In the Clinical area, applicants are typically first admitted to the MA program with the expectation that the student will continue to the PhD. The Clinical area also occasionally admits an applicant who already has an MA from another institution directly into our PhD program; however, the time savings toward the PhD may be modest (i.e. a year or less) because the year-by-year sequence of required clinical-training courses usually need to be started from the beginning.

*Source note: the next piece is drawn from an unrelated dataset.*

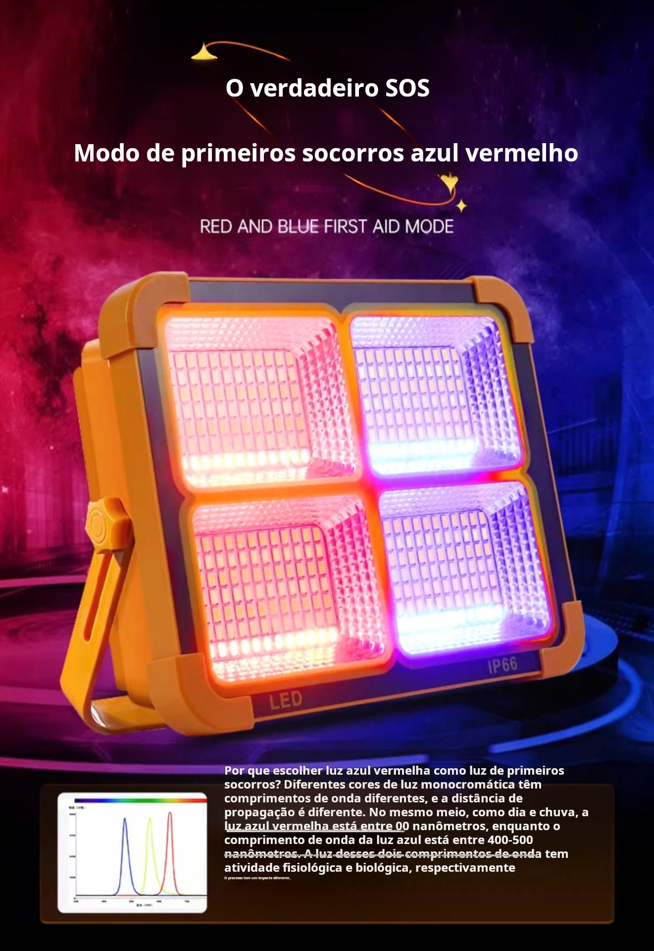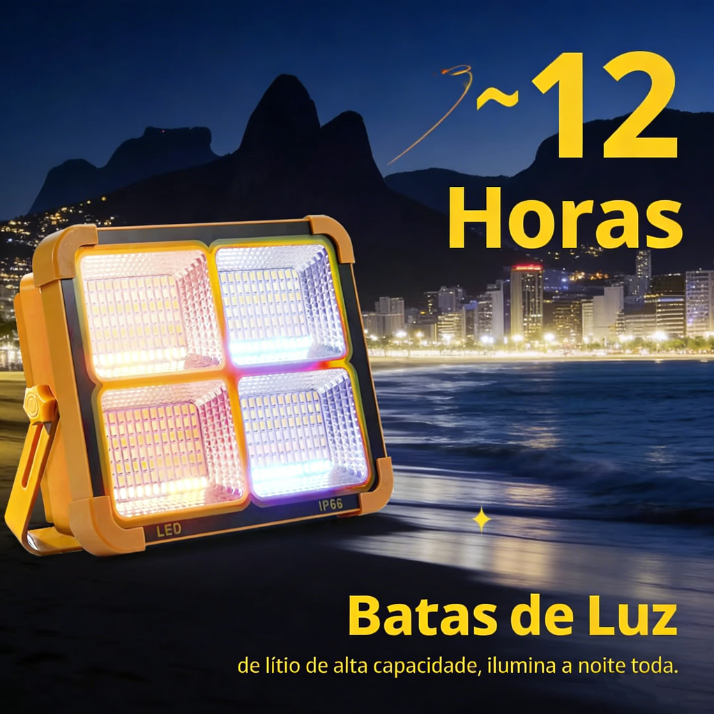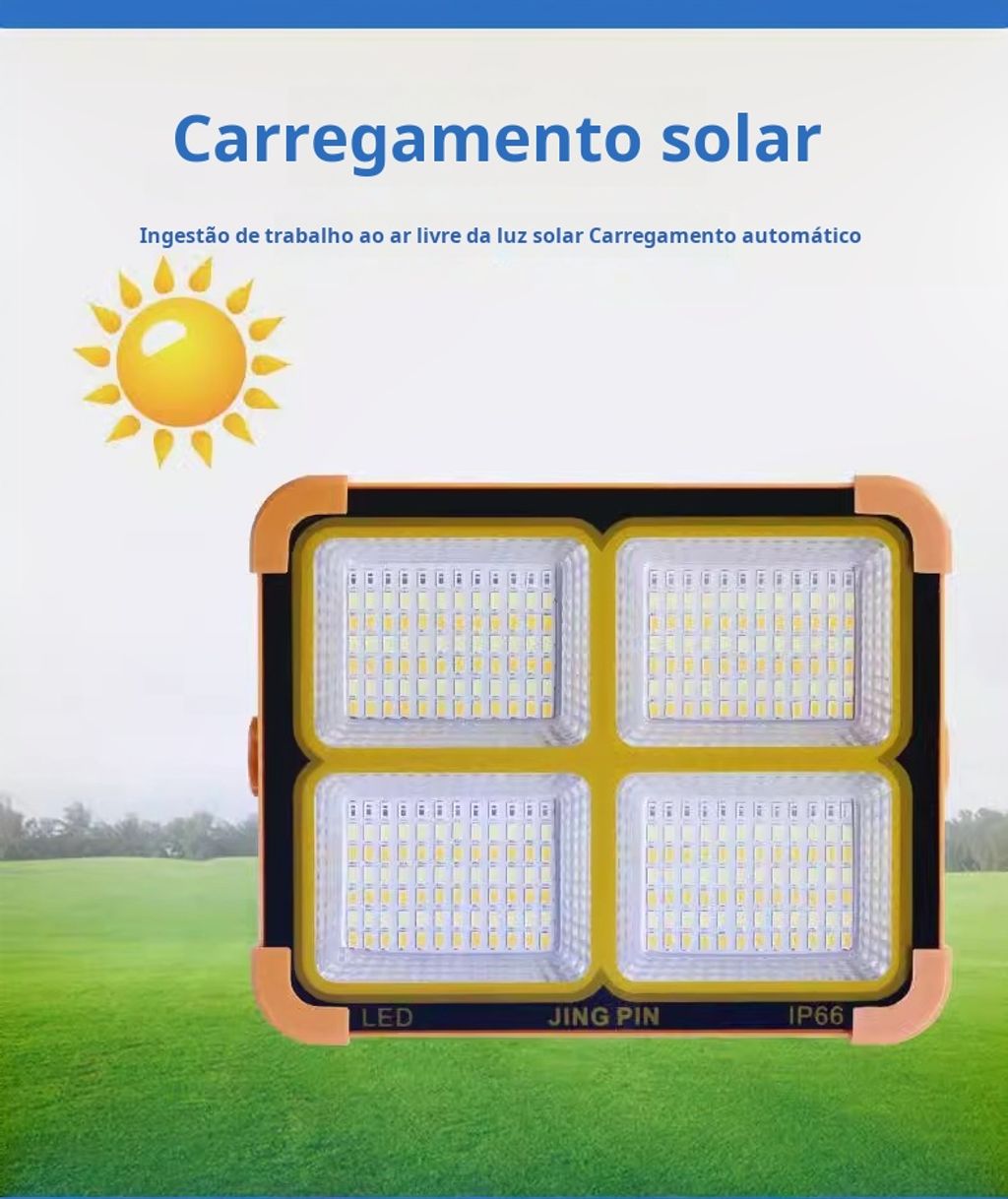 Super Brilhante com 10.000 Lumens - A lanterna de trabalho solar recarregável YXQUA possui 144 LEDs de alta qualidade, proporcionando um brilho excecional com uma potência máxima de 10.000 lúmens. A lanterna pode ser alternada entre 4 modos: luz alta, luz média, luz baixa, luz vermelha e azul intermitente, premindo rapidamente o botão de ligar/desligar. Pressione e mantenha pressionado para desligá-la.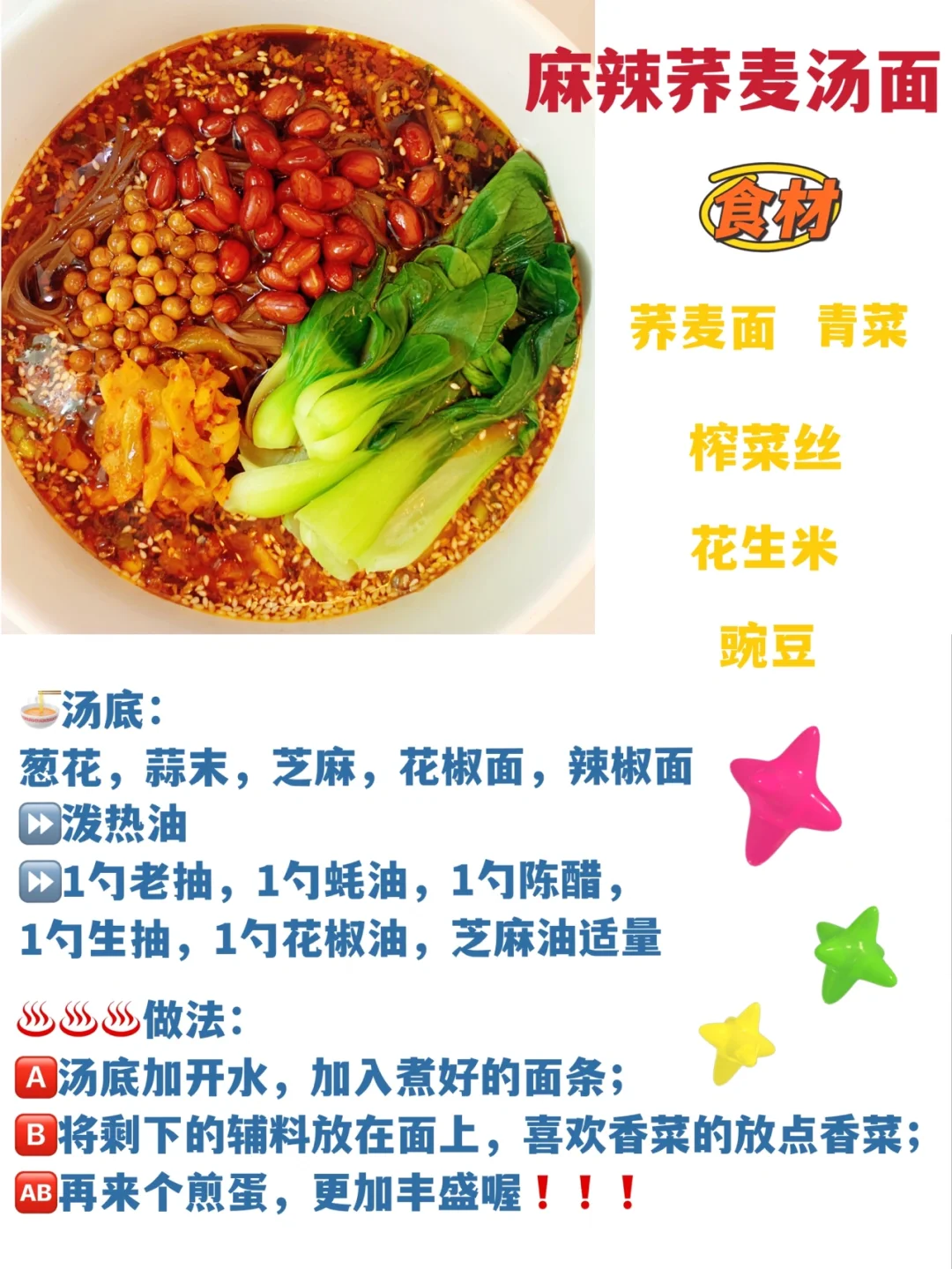 🅱️把剩下的辅料放在面条上,喜欢香菜的可以放点香菜🆎来个煎蛋🍳更美味

Those wanting a terminal MA degree should look into graduate studies in Counselling Psychology, Educational Psychology, or Social Work instead of the PhD program in Clinical Psychology. The University of Waterloo does not offer Counselling Psychology or Educational Psychology.

Faculty and staff

Clinical core faculty

Faculty members considering new clinical psychology graduate students for Fall 2025:

  • Dillon Browne - Influence of Adverse Childhood Experiences (ACEs), trauma, and socioeconomic status on human development
  • Roxane Itier* - Cognitive processes involved in the perception and recognition of face identity, facial expressions of emotion, gaze discrimination, and their interactions
  • Allison Kelly – Predictors and consequences of self-compassion and self-criticism, often in relation to body and eating disorders.
  • Tara McAuley - Nature and development of executive control in children, and the relation of executive skills to psychopathology
  • David Moscovitch - Cognitive-behavioural mechanisms underlying the nature and treatment of social anxiety

* Non-clinical faculty members can supervise a clinical psychology graduate student in their research; having a non-clinical research supervisor has no impact on students’ involvement in the clinical psychology program (i.e., courses, clinical training), and can be a great option if that faculty member’s research interests the student.